In Norway, as in many other countries, there is a need to develop integrated care and smooth collaboration between health care levels. A new health sector reform is recently initiated in Norway, “The Coordination Reform”, in which the main goal is that the patient should receive the proper treatment – at the right place and right time. According to the reform plan, patients with osteoarthritis (OA) should be treated in primary care. Secondary and specialised health care shall support primary care in developing care, exchanging competence, increasing competence and skills, and developing patient/treatment pathways.

So far, no treatment pathway has been developed for OA patients in Norway, and research on provision and quality of health care service for Norwegian OA patients is scarce. According to members of the Norwegian Rheumatism Association, the OA patients feel there is a lack of information and support given to them by health professionals, and they are dissatisfied by the service they receive. Normally, OA patients can consult their GP, and the GP may refer the OA patient to physiotherapy treatment in primary care or to assessments in secondary care, which may include rheumatologist, orthopaedic surgeon, physiotherapists, and/or occupation therapists. The patient must be referred to occupational therapists in secondary care for individual adjustments of hand splints, whereas primary care occupational therapists, although few, perform functional assessments in the patients homes when there exist a considerable functional loss. When an OA patient has reduced walking mobility or fall problems, the GP may apply for a rehabilitation stay, which takes place in specialized rehabilitation centres or in rheumatology hospital departments. Surgical treatment in secondary care is the final option for severely affected OA patients. Treatments are reimbursed by the national welfare system except for a limited amount of “out-of-pocket” payment.

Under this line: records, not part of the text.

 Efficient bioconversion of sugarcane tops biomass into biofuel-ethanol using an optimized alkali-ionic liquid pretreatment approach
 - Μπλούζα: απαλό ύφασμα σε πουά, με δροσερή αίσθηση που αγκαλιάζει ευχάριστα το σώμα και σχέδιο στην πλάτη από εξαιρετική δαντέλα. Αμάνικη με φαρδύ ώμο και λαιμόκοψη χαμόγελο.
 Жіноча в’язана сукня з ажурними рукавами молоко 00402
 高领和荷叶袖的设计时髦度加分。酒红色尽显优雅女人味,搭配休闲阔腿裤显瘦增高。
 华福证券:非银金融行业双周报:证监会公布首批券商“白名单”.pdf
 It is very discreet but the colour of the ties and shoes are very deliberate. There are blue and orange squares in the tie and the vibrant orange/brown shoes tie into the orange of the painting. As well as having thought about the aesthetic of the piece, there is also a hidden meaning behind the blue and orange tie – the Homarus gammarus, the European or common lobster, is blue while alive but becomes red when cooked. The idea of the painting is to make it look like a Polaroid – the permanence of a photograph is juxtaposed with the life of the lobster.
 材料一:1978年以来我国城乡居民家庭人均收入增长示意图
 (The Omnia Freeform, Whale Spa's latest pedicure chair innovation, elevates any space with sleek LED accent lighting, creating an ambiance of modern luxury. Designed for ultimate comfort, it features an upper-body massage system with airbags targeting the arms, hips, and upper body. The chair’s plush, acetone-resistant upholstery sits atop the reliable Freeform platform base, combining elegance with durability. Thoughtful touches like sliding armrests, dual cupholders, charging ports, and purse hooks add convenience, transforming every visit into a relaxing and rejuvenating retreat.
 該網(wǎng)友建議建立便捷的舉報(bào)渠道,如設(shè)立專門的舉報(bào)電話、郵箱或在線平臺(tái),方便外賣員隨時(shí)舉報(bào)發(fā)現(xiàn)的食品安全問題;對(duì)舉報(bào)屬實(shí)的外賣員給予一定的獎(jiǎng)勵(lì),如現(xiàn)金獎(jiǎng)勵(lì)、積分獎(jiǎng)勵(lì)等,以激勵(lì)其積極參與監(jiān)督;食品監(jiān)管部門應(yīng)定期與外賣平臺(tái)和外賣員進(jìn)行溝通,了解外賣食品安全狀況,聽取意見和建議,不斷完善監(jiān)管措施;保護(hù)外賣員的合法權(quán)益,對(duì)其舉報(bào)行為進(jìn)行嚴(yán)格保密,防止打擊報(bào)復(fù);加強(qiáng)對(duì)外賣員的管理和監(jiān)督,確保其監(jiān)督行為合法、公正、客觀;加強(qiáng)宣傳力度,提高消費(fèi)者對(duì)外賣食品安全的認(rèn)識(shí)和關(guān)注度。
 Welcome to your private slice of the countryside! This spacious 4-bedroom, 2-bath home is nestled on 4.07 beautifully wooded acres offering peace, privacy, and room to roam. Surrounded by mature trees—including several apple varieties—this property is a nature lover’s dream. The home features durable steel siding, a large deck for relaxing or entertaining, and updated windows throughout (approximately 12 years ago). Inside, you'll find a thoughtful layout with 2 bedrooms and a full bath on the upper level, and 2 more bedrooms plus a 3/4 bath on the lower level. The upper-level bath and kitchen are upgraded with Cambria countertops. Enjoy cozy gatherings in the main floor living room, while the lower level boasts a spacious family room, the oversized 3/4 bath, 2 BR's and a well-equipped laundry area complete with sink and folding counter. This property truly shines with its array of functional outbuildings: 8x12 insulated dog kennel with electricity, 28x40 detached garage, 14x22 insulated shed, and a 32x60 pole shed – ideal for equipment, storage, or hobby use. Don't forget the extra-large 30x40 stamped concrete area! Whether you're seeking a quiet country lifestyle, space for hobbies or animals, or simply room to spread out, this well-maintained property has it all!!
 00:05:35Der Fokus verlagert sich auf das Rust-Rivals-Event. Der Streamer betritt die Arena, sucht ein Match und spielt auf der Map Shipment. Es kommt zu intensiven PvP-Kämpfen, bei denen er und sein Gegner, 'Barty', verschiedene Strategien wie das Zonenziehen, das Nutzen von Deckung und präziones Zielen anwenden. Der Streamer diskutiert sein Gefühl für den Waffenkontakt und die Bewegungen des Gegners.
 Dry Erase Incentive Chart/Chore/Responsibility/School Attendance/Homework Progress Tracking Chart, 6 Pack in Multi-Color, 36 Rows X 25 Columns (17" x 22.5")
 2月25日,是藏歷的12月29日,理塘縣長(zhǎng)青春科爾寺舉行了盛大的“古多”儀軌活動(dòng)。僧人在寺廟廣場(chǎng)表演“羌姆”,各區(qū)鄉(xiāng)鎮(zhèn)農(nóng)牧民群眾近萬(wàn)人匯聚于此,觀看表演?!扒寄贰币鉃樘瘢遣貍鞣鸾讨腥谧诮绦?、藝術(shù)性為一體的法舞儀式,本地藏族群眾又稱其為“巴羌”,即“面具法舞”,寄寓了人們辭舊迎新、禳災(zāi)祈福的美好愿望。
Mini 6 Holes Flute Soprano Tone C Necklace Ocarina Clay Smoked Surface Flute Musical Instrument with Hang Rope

Researchers from The National Research Center for Rehabilitation in Rheumatology and Department of Rheumatology (NRRK) at Diakonhjemmet Hospital have, together with researchers from Orthopaedic Section at Oslo University Hospital and University of Oslo, initiated an osteoarthritis project in collaboration with the primary health care services in Ullensaker Municipality, about 40km north-east of Oslo. The project, The Musculoskeletal Pain in Ullensaker Study (MUST), focuses on OA and includes epidemiological, clinical research, randomised controlled trials, competence exchange and development as well as OA care development. However, collaborations across the borders of health service levels may often be challenging. Experiences from this project and future plans for a couple of other Norwegian projects will be given.